Vergangenes Wochenende war ich zu einer Taufe in Stuttgart eingeladen. Zwar liegt das von Freiburg aus gesehen nicht gerade um die Ecke, aber ich war noch nie zuvor bei einer Taufe und bei einer russisch-orthodoxen erst recht nicht. Es gab eine lange Zeremonie mit vielen Gesängen, Weihrauch und dem eigentlichen Highlight: dem Untertauchen des Kindes in heiligem Jordanwasser. Natürlich ist es schwierig, in unseren Breiten eine Schüssel voll Jordanwasser zu bekommen, aber immerhin ein paar Spritzer des heiligen Wassers konnte der Priester unter das (vermutlich) Stuttgarter Leitungswasser mischen. Danach wurde der kleine Täufling auch gefirmt.
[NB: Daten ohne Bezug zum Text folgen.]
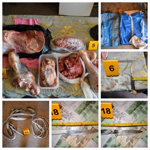 En el primer allanamiento, los efectivos secuestraron carne vacuna en partes, una sierra carnicera manual, dos cuchillos, una soga, dos lingas, tres bolsas de carpa con diseño de mochila y osamentas de extremidades de animal vacuno. En el segundo domicilio, incautaron cuatro cuchillos.

Das heißt, mit teuren Ölen gesalbt und dann mit einem Schwamm abgewaschen. Zu guter Letzt wurden ihm noch die ersten Haare abgeschnitten, um zu symbolisieren, dass er ab heute ein Sklave Christi sei, allen anderen gegenüber aber frei. Deshalb – so hat es der Priester für die vielen Gäste erklärt – waren ursprünglich bei einer orthodoxen Taufe die Eltern des Täuflings gar nicht anwesend, sondern haben den Kleinen erst nach der Zeremonie wieder in Empfang nehmen dürfen. Leider haben dem Kleinen weder Bad noch Salbung gefallen und er hat fast ohne Pause geweint. Aber wie soll er mit seinen zehn Wochen Lebenserfahrung auch verstehen, was plötzlich vor sich geht? Und eine erste Locke hatte er noch gar nicht, da musste dann die Taufpatin herhalten. Nach dem offiziellen Teil wurden kurzerhand Bierbänke und Tische in die Kirche getragen und es gab ein schönes gemeinsames Essen.